The two MEMS dies are formed using the Bosch DRIE process. Figure 3 and Figure 4 show optical and infrared photographs of the CMA232M MEMS 3-axis accelerometer die found inside the Bosch BMI055. The proof mass of the CMA232M is mounted on a central torsion spring. The device can capacitively sense Y-axis motion by in-plane deflection of the proof mass in the Y-direction. It can sense X-axis motion by in-plane twisting of the proof mass and Z-axis motion by out-of-plane twisting of the proof mass. The device features X, Y and Z interdigitated capacitive sense structures.

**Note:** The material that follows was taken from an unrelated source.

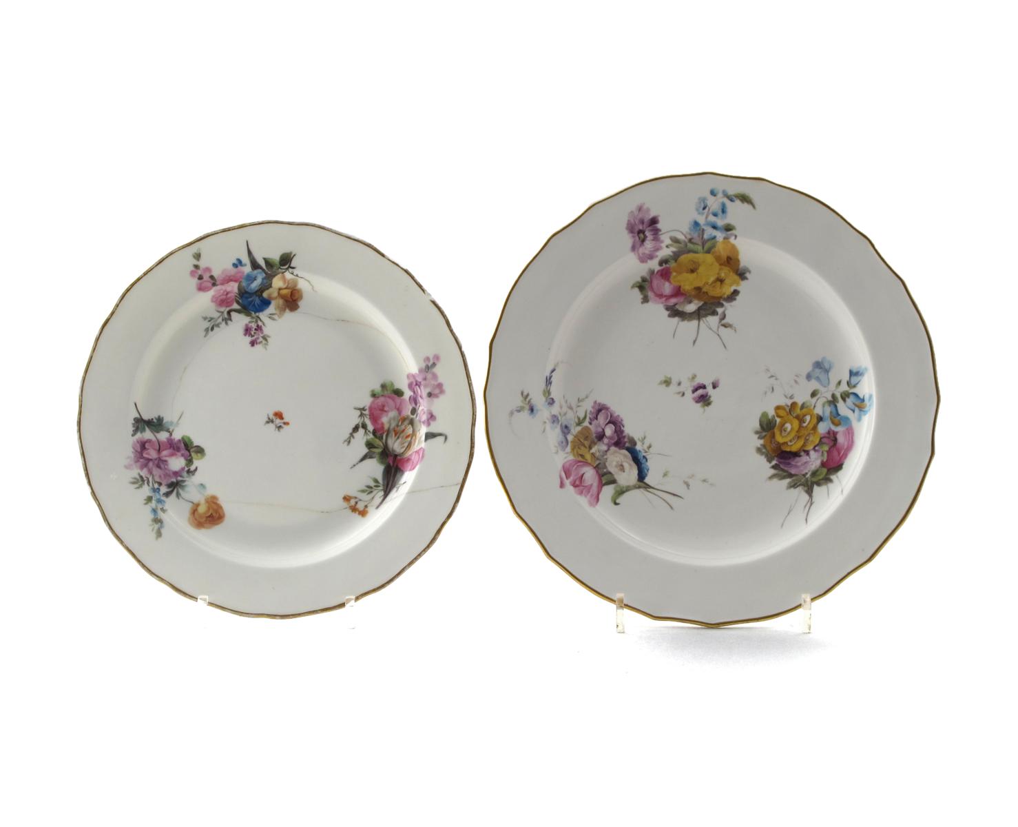 Two Derby plates c.1795, one painted by William Billingsley, each with three sprays of spring and summer flowers, within shaped gilt rims, puce factory marks and pattern number 80, painted 7 inside the footrim, the smaller damaged, 24.5cm max. (2)

Figure 5 presents a plan-view SEM image of the X-axis sense capacitors. These capacitors are wired to sense torsional rotation of the proof mass around the Z-axis of the device. The MEMS structures were fabricated by DRIE of a layer of deposited polysilicon using a mask that was deposited over the surface of the wafer. Figure 6 and Figure 7 show tilt-view SEM images of the X-axis sense capacitors. The DRIE scalloping is quite clearly seen on the sidewalls of the etches structures.
A cross-sectional view of the X-axis sense capacitors is presented in Figure 8. The polysilicon capacitor beams are about 20 µm tall and 2.5 µm wide with highly vertical sidewalls. The scalloping artifacts are visible on the sidewalls of the beams. Figure 9 shows a detailed view of the top of a pair of X-axis sense capacitors. The scalloping features are about 400 nm tall, suggesting that about 50 repeated cycles of the Bosch DRIE etch process were required to etch the 20 µm tall features.
TechInsights has observed scalloping on the vertical sidewalls of MEMS features from virtually all the major MEMS vendors. Figure 10 through Figure 12 show examples of DRIE scalloping artifacts found on products from STMicroelectronics, Invensense and Kionix. TechInsights has also seen DRIE scalloping artifacts on the side walls of Through Silicon Vias (TSVs), as shown in Figure 13.
TechInsights provide patent categorization as service to our clients. We generally rank patent based on two criteria. The first is supportability through reverse engineering and the second is use in the industry. A supportable patent must contain claim elements that would be detectable through reverse engineering. The seminal Bosch DRIE patent US5501893A would likely get a medium rating for supportability, since it describes process features, such as etching of silicon and gas chemistry, that would not be easily supportable by reverse engineering; however, it does produce the scalloping on the sidewalls that is detectable. It would get a high rating for use by industry.
In conclusion, this survey of recent MEMS reverse engineering results shows that the seminal Bosch DRIE patent continues to have wide applicability in the MEMS industry. This is an example of benefits of the patent system. The patent provided protection for Bosch for their invention for twenty-year period, in exchange for disclosure of the details of the invention. The patent has now expired and the invention is now available freely for anyone to use. There are, of course, likely follow on patents which further improve the invention, and these patents may still be in force. According to Google Patents there are 551 patents that cited US5501893A, many which have not yet expired. TechInsights’ business is largely about helping our clients defend their active patents from infringement and assisting with licensing when infringement is found.